A great deal of my playtime now consists of pecking on these qwerty keys recounting and pounding out stories that draw the attention of some of my peers and a few others who enjoy reading what life was like for some of us in an era they call "back in the day." Because like all good things my life will end soon enough and like one of my favorite bosses when I was a radio DJ once said to me... "Why just do stuff? Make it count for something and leave something behind besides rumors and hearsay. Document it. And of course, beware of the Boogie Man. Lord knows he's out there.
But now he might take the form of a politician or other well dressed con men hoping to take away a lot of what many of us have worked for all of our lives. Or he may be somewhere in cyberspace snooping into our lives and hoping that we slip up with information he needs to steal from us from afar. It can even be someone posing as a man of God on some television show asking you to let your guard down and send him money in exchange for prayers you might not receive or some that you do that probably won't help anyway.
He could even be a family member or just someone you call friend . All of us have something someone else wants. And that brings me to wondering why I often receive invitations to places to meet up with people who in earlier years could not have cared less that I even existed. I get those more frequently now than ever before and usually I decline them. Not out of resentment or fear of anyone but more because I don't see the point.
I stopped going to class reunions and family reunions for these reasons. I am more comfortable where people are less familiar to me and where I might learn something important that I never knew. I prefer going to places where I'm not likely to engage in conversations with anyone I may have tried to talk to in years past but who blew me off then. I never again want to sit across a table from an old girlfriend to compare notes about how our lives have gone and I really don't want to see photos of some one's grandchildren, especially if I really don't know the person who is showing them or if that person is someone I never really cared for anyway, and I get bored very quickly when the discussion begins to be about health issues.
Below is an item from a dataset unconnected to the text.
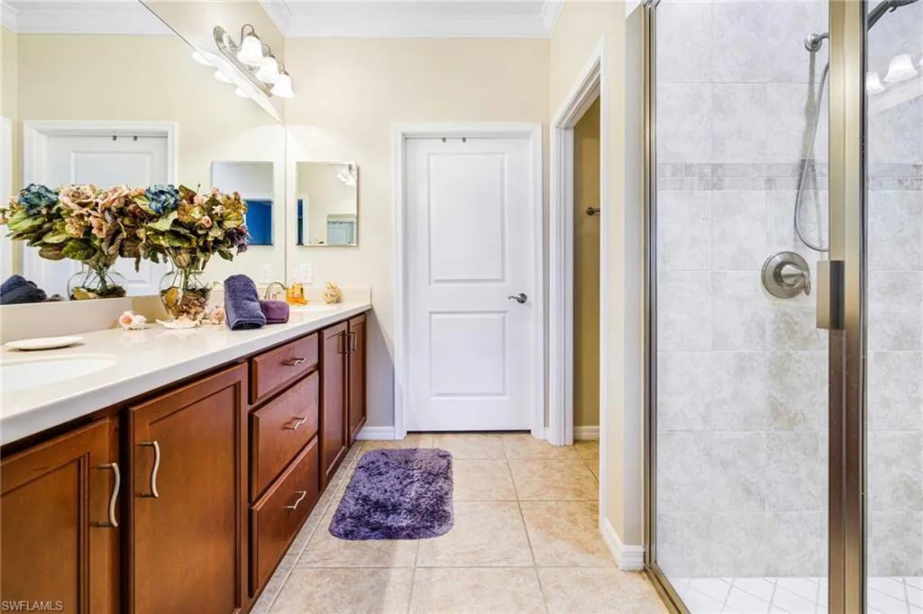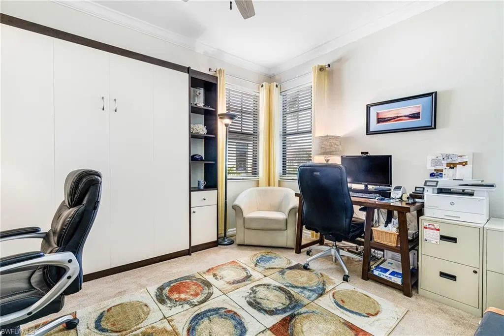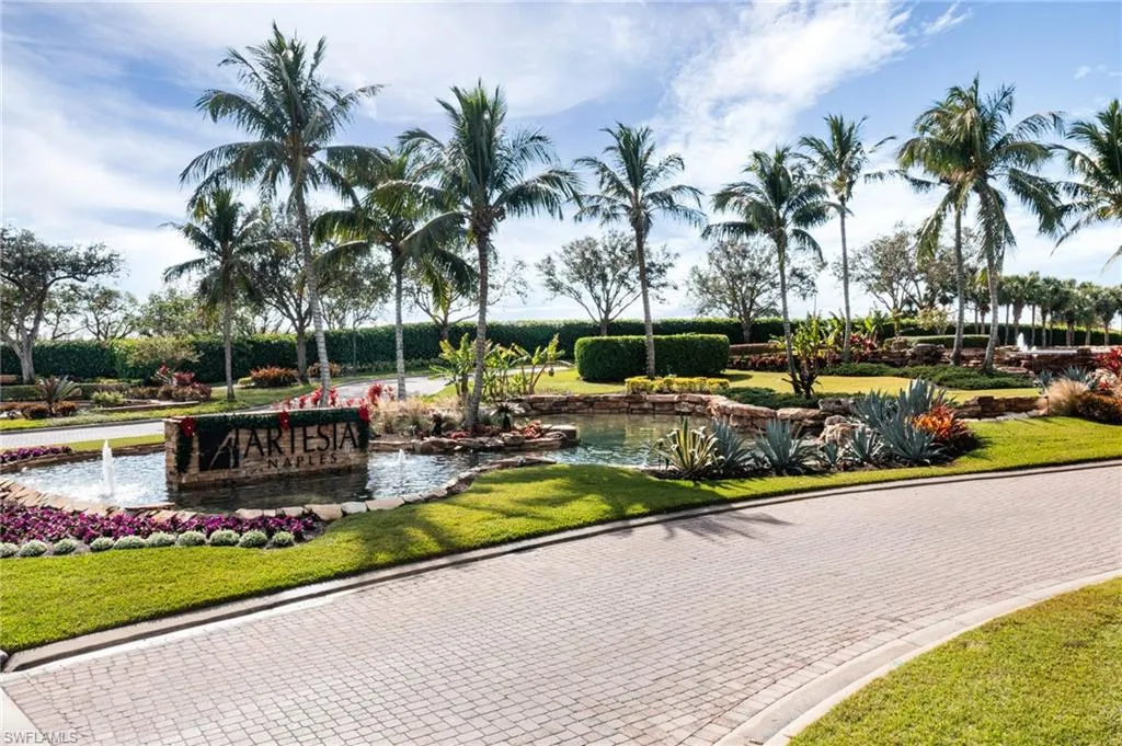 Welcome to your dream home at 1511 Oceania Drive South in Artesia. The gated community offers resort style living, with low HOA fees, including lawn maintenance, cable and internet/Wi-Fi, and NO CDD! This stunning, WCI built, meticulously maintained 2-bedroom plus a den, 2-bath villa offers the perfect blend of luxury, comfort and convenience that includes the highly sought after extended living room and a large extra depth 2-car garage. Step inside and be captivated by the open-concept layout, featuring ceramic tile flooring complemented by the freshly painted Sherwin Williams “Coastal Cool” color palette. Enjoy the tranquil West-facing spectacular sunset lake view from the spacious over 500 s/f lanai added in 2023, featuring a picture window cage and upgraded 20/20 no-see-um screens. The lanai features a jacuzzi hot tub, ceiling fan, Clear Choice electric roll down impact screen offering peace of mind during any season and cable TV, water and electric outlets. The home is protected by premium “hurricane-impact” rated windows and double sliders using tempered, high efficiency, laminated insulated low-e glass. The impact front entry door, with glass insert and hide away phantom screen door, welcomes you and your guests to your dream home. Once inside you will find many recently completed high-end upgrades, including ceramic tile, wide crown moldings throughout, stainless appliances, granite counter-tops, custom glass tile back splash, under cabinet lighting, impact windows and sliding doors, and a monitored security system. The den features glass French doors and easily converts to a 3rd bedroom to accommodate extra guests with an included Murphy bed. The laundry area has a newer washer and dryer, including a convenient countertop with a stainless sink, tile backsplash and an abundance of storage cabinetry. Additional highlights include LED landscape lighting, new irrigation equipment with extra zones, an HVAC Carrier heat-pump system, including an Ultra-violet air purification system that ensures modern comfort, Moen and Kohler fixtures and a built-in TAEXX pest control system. The private primary suite includes double sliding impact doors leading out to the covered lanai, an en-suite bathroom with double sink vanity, Corian countertop, euro glass shower enclosure, discreet water closet, and an expansive walk-in closet. Artesia amenities include a clubhouse with a resort-style pool, pickleball and bocce courts, fitness center, library, theater, 2 dog parks and more—all just minutes from the restaurants and nightlife of 5th Avenue downtown Naples, Marco Island and the pristine Gulf beaches. This is a MUST SEE – Schedule your private showing today!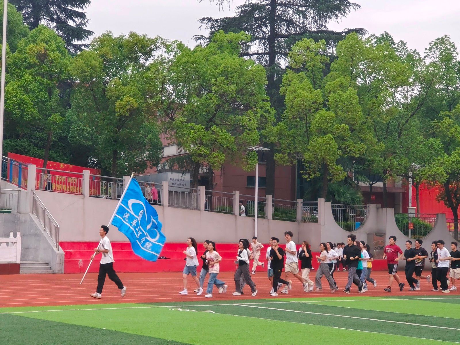 最后,学生党员和干部带领23级学生参加阳光健康跑。

And I certainly don't ever want to be in the accompany of anyone who drinks alcohol to help them remember the good old days. I don't fare well socially with people who need that to express themselves. I have always been more of a one-on-one guy and I believe that sharing thoughts that are written are forever. So I write books and blogs to do that and I don't ever have to dress to impress others, or put on airs or laugh at anything that isn't funny just for the sake of expected protocol. I have survived the Boogie Man and a few other unknowns.
But with all of this said I enjoy hearing from all types of people, those I may have known or some I wished I had. And occasionally I will sit down with a few of them and talk about what might be important to either of us, but at the end of the day all that really matters is what comes next. And since I still have some years left before I become eligible for Medicare I plan to remain who I have always been. Someone with one eye on my surroundings and the wit to expect more from life... so that when all that's left of it nears an end I will have left what I hope are some good stories behind.
Those boogie men from my past who tried to harm me physically are probably dead now but the legacy they left behind lives in my work and within my very being.